Art. 854. The preterition or omission of one, some, or all of the compulsory heirs in the direct line, whether living at the time
of the execution of the will or born after the death of the testator, shall annul the institution of heir; but the devisees and
legacies shall be valid insofar as they are not inofficious.

If the omitted compulsory heirs should die before the testator, the institution shall he effectual, without prejudice to the right of
representation.

Preterition consists in the omission in the testator's will of the forced heirs or anyone of them either because they are not mentioned
therein, or, though mentioned, they are neither instituted as heirs nor are expressly disinherited.

Insofar as the widow is concerned, Article 854 of the Civil Code may not apply as she does not ascend or descend from the testator,
although she is a compulsory heir.

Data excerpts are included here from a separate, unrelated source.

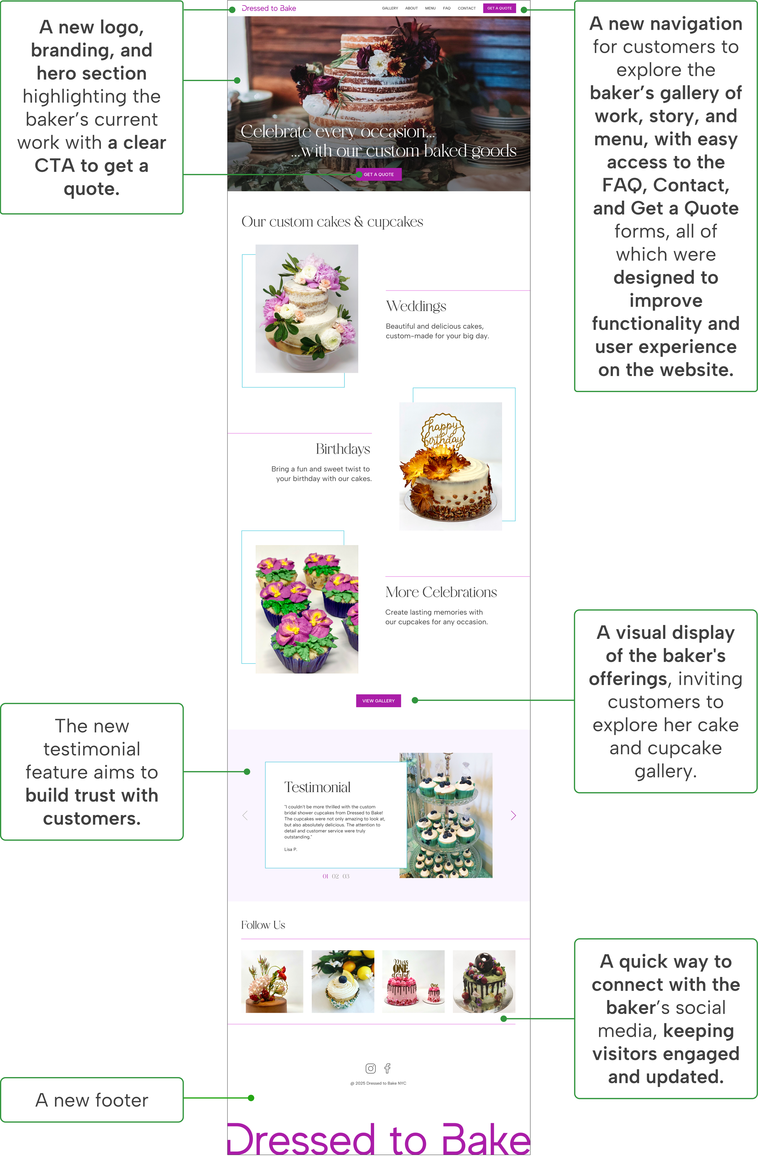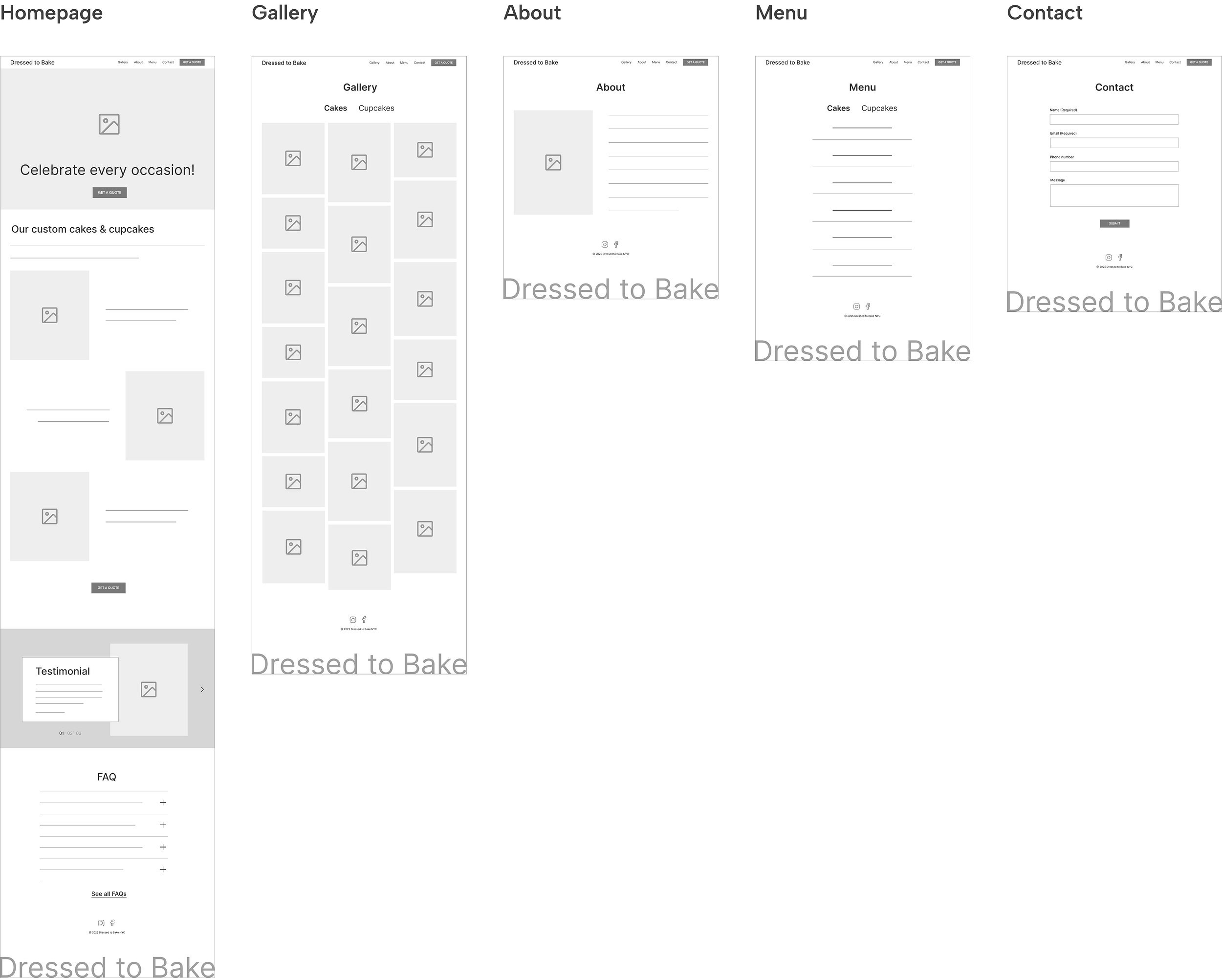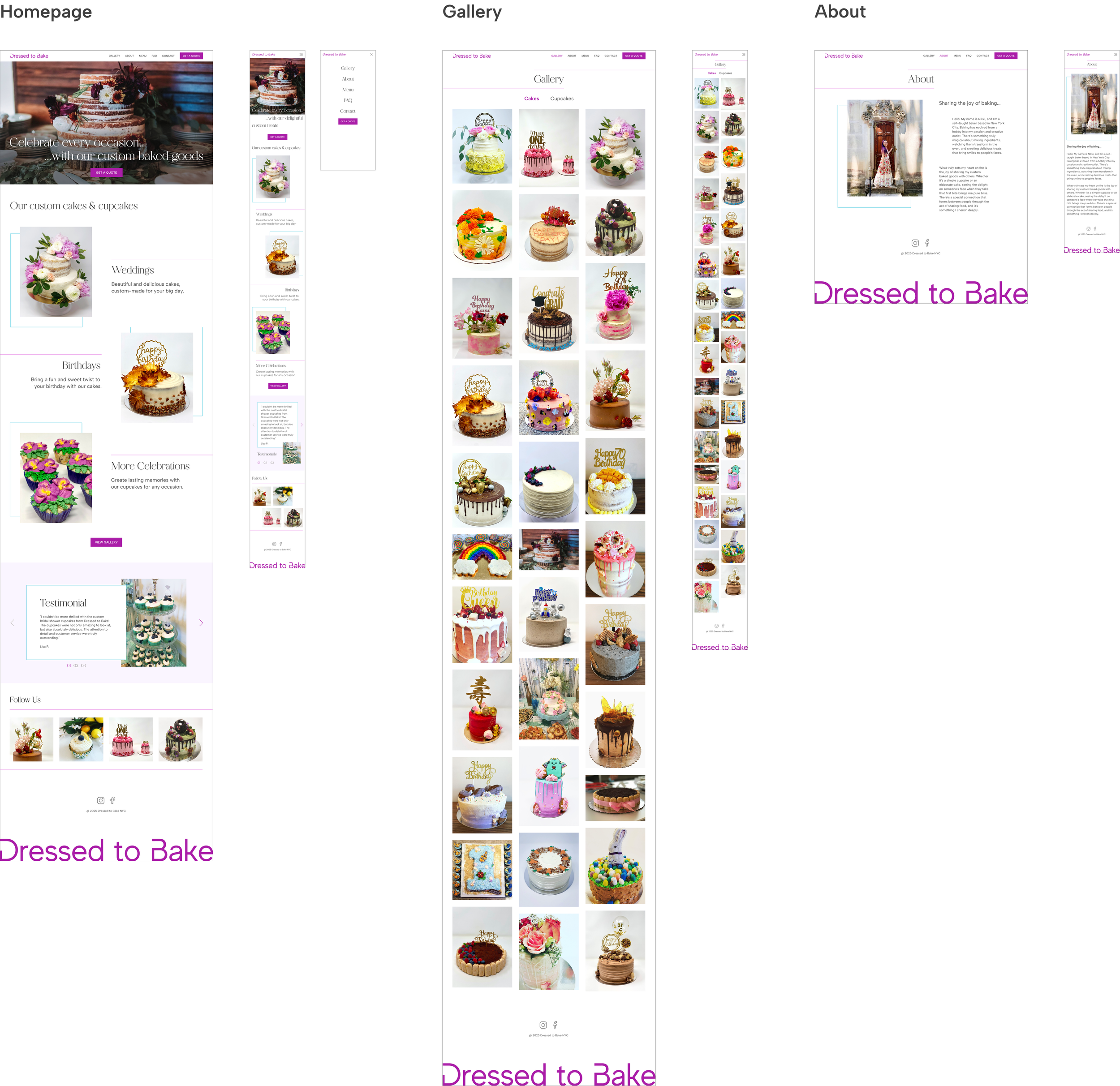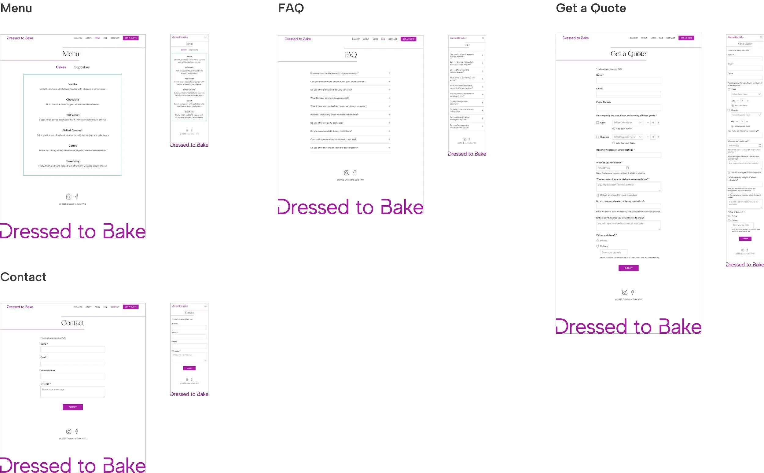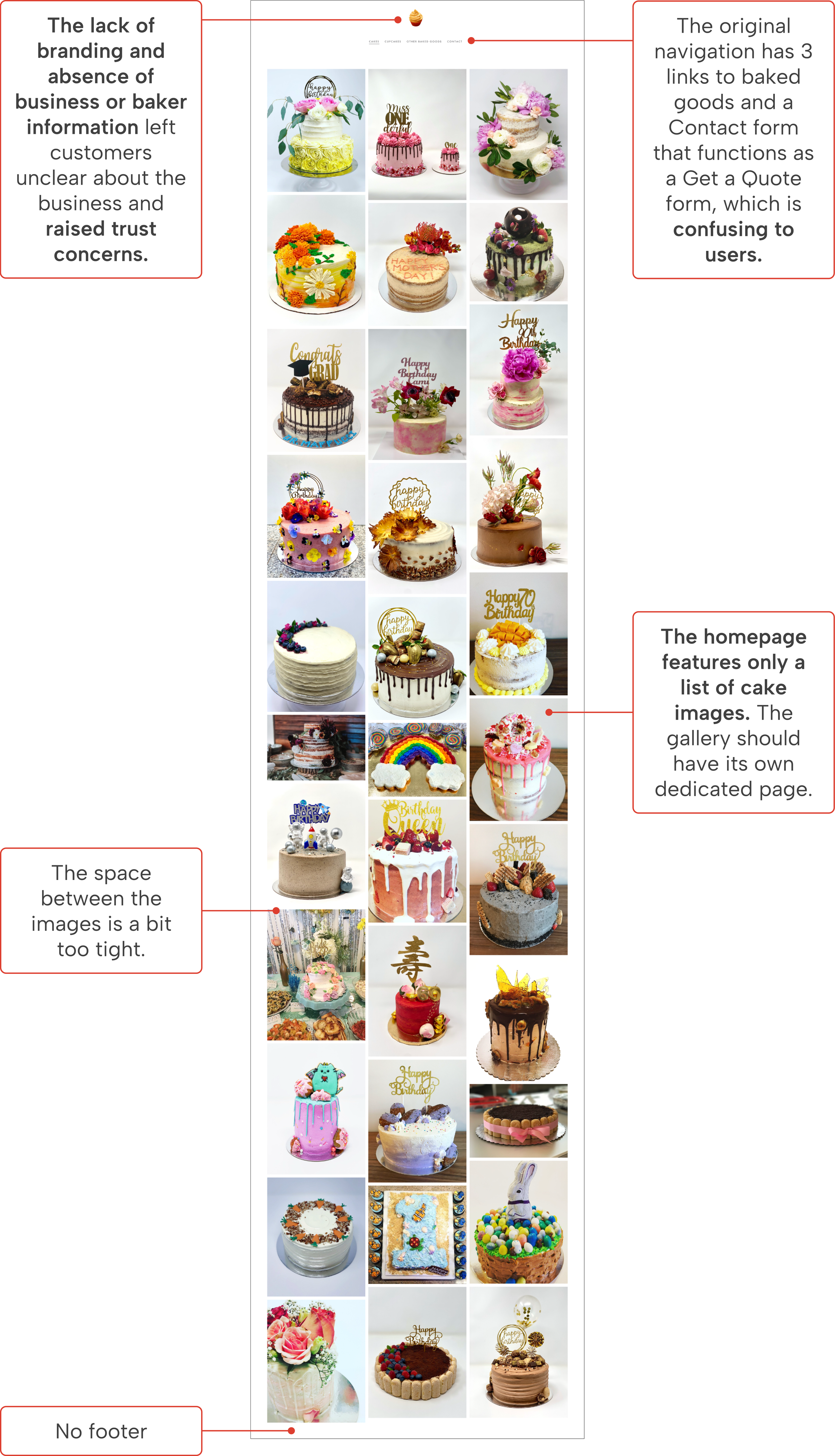 The Dressed to Bake website features only a gallery as the homepage and a contact form that functions as a quote request form. It lacks branding, key information, and usability, making it challenging for customers to navigate the website, understand her services, and trust her business.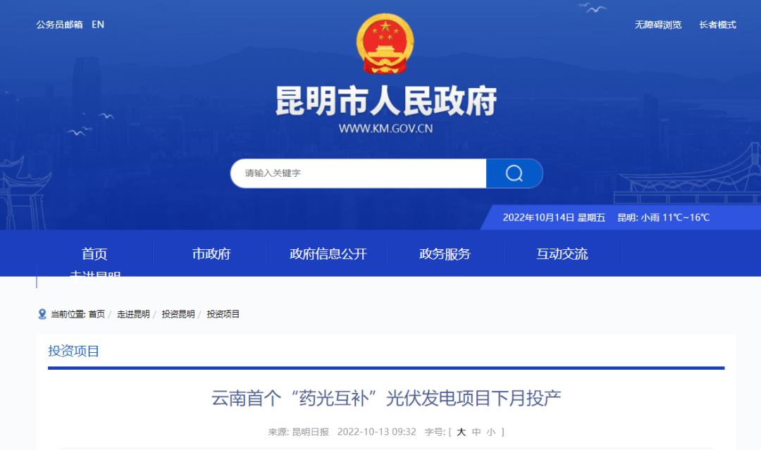 10月13日,昆明市發(fā)布首個(gè)“藥光互補(bǔ)”光伏發(fā)電項(xiàng)目下月投產(chǎn)。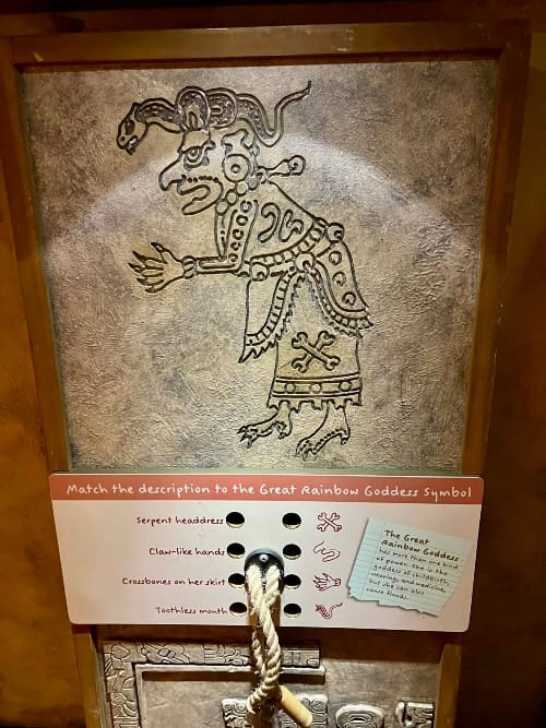 Other parts of the exhibit included ancient temple ruins and a sarcophagus with activities to help you notice details within the hieroglyphs and identify their meaning. Decoding the hieroglyphs eventually leads you to the final task, where you select the accurate combination of hieroglyphs to locate the medallion.

Stated otherwise, even if the surviving spouse is a compulsory heir, there is no preterition even if
she is omitted from the inheritance, for she is not in the direct line. (Art. 854, Civil code) however, the same thing cannot be said of
the other respondent Virginia A. Fernandez, whose legal adoption by the testator has not been questioned by petitioner.

Under Article 39 of P.D. No. 603, known as the Child and Youth Welfare Code, adoption gives to the adopted person the same rights
and duties as if he were a legitimate child of the adopter and makes the adopted person a legal heir of the adopter. It cannot be
denied that she has totally omitted and preterited in the will of the testator and that both adopted child and the widow were deprived
of at least their legitime. Neither can it be denied that they were not expressly disinherited. Hence, this is a clear case of preterition
of the legally adopted child.

Pretention annuls the institution of an heir and annulment throws open to intestate succession the entire inheritance. The only
provisions which do not result in intestacy are the legacies and devises made in the will for they should stand valid and respected,
except insofar as the legitimes are concerned.

The universal institution of petitioner together with his brothers and sisters to the entire inheritance of the testator results in totally
abrogating the will because the nullification of such institution of universal heirs-without any other testamentary disposition in the
will-amounts to a declaration that nothing at all was written.

Carefully worded and in clear terms, Article 854 of the Civil Code offers no leeway for inferential interpretation. No legacies nor
devises having been provided in the will the whole property of the deceased has been left by universal title to petitioner and his
brothers and sisters. The effect of annulling the "Institution of heirs will be, necessarily, the opening of a total intestacy except that
proper legacies and devises must, as already stated above, be respected.